TASK ITEM: Return all of the data verbatim, dropping any picture.

DATA:
━━━━━━━━━━━━━━━━━━━━━━━━━━━━━━

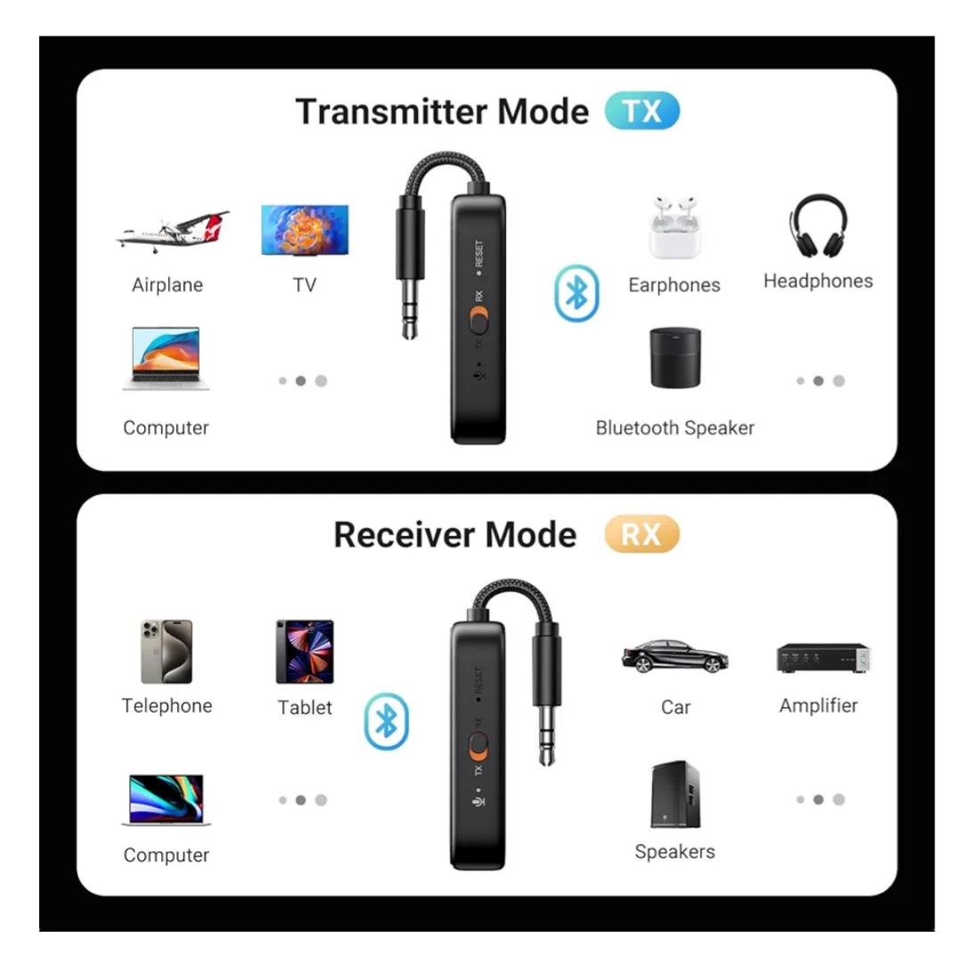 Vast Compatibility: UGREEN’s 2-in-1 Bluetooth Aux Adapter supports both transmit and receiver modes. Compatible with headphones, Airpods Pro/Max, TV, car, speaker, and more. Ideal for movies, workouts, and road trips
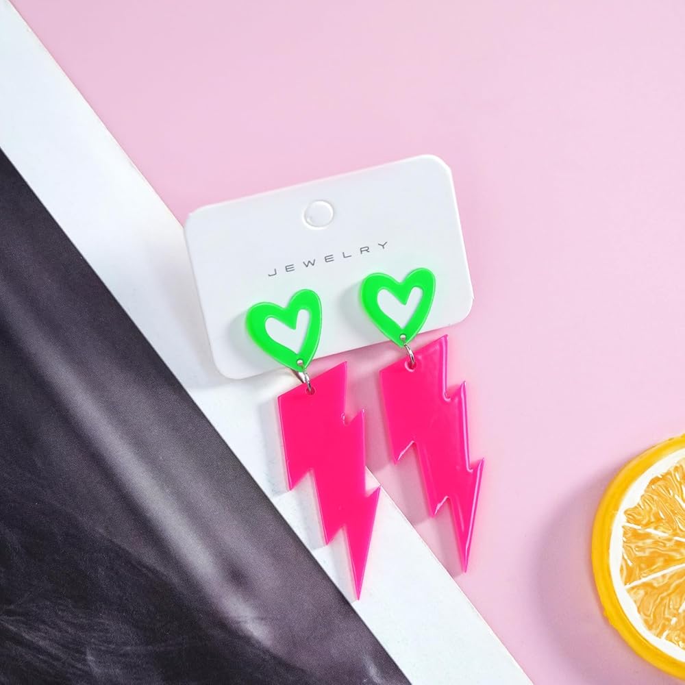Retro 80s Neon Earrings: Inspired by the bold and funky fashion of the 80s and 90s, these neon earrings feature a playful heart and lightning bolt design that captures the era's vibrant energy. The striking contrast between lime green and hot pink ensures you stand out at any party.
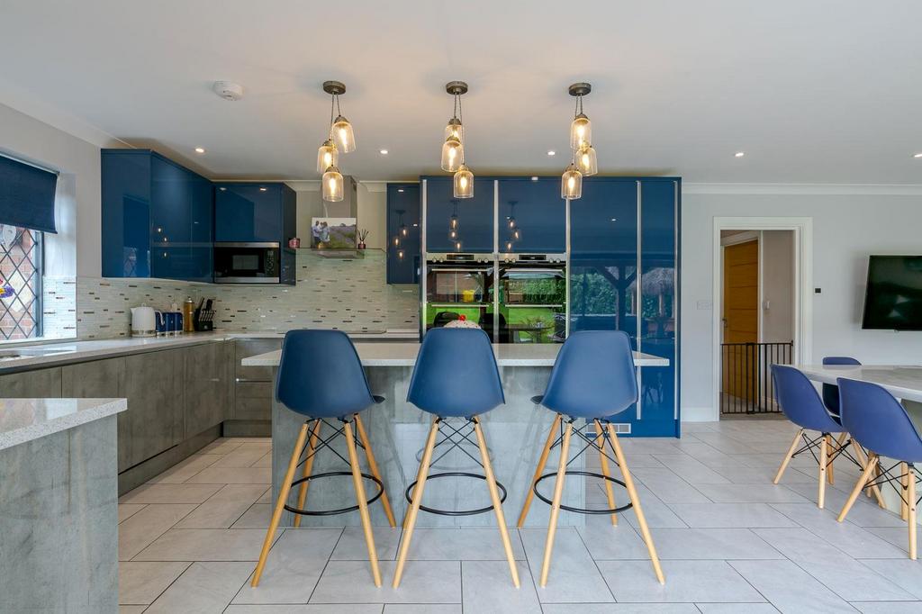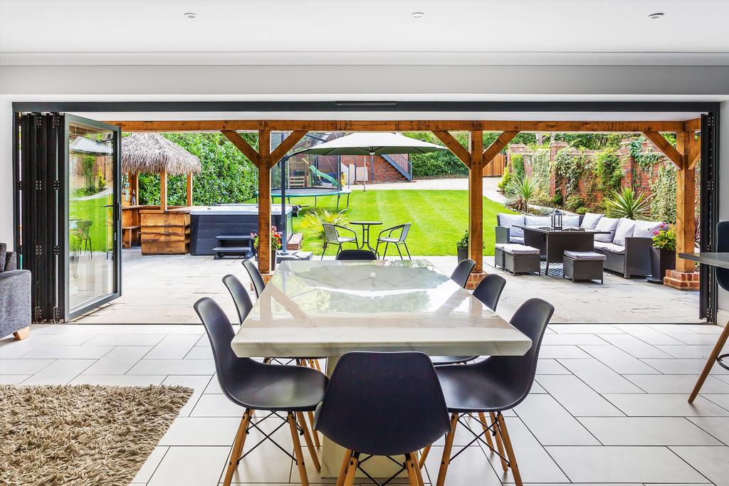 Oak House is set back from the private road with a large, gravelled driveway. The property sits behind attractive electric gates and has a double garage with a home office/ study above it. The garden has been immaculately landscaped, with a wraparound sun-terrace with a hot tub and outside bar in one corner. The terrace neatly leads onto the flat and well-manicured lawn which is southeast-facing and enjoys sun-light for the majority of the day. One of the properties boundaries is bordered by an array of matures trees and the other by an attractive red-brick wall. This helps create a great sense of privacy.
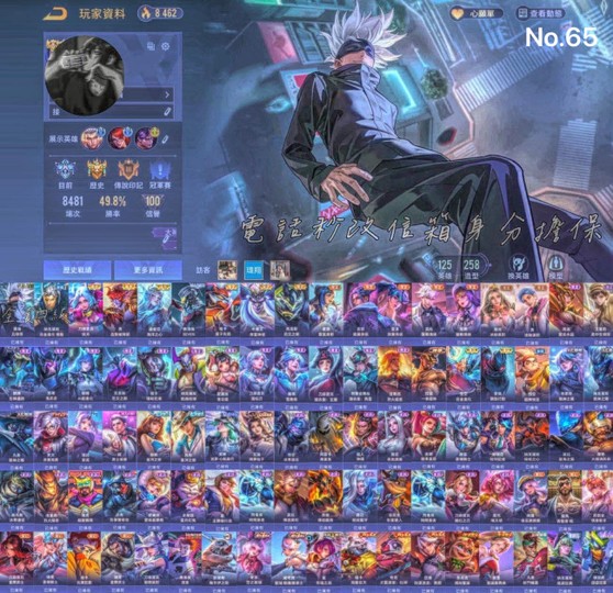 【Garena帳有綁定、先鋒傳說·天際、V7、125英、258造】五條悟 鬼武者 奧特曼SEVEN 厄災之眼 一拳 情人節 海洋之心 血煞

━━━━━━━━━━━━━━━━━━━━━━━━━━━━━━

RESPONSE TO THE EXERCISE:
 Vast Compatibility: UGREEN’s 2-in-1 Bluetooth Aux Adapter supports both transmit and receiver modes. Compatible with headphones, Airpods Pro/Max, TV, car, speaker, and more. Ideal for movies, workouts, and road trips
Retro 80s Neon Earrings: Inspired by the bold and funky fashion of the 80s and 90s, these neon earrings feature a playful heart and lightning bolt design that captures the era's vibrant energy. The striking contrast between lime green and hot pink ensures you stand out at any party.
 Oak House is set back from the private road with a large, gravelled driveway. The property sits behind attractive electric gates and has a double garage with a home office/ study above it. The garden has been immaculately landscaped, with a wraparound sun-terrace with a hot tub and outside bar in one corner. The terrace neatly leads onto the flat and well-manicured lawn which is southeast-facing and enjoys sun-light for the majority of the day. One of the properties boundaries is bordered by an array of matures trees and the other by an attractive red-brick wall. This helps create a great sense of privacy.
 【Garena帳有綁定、先鋒傳說·天際、V7、125英、258造】五條悟 鬼武者 奧特曼SEVEN 厄災之眼 一拳 情人節 海洋之心 血煞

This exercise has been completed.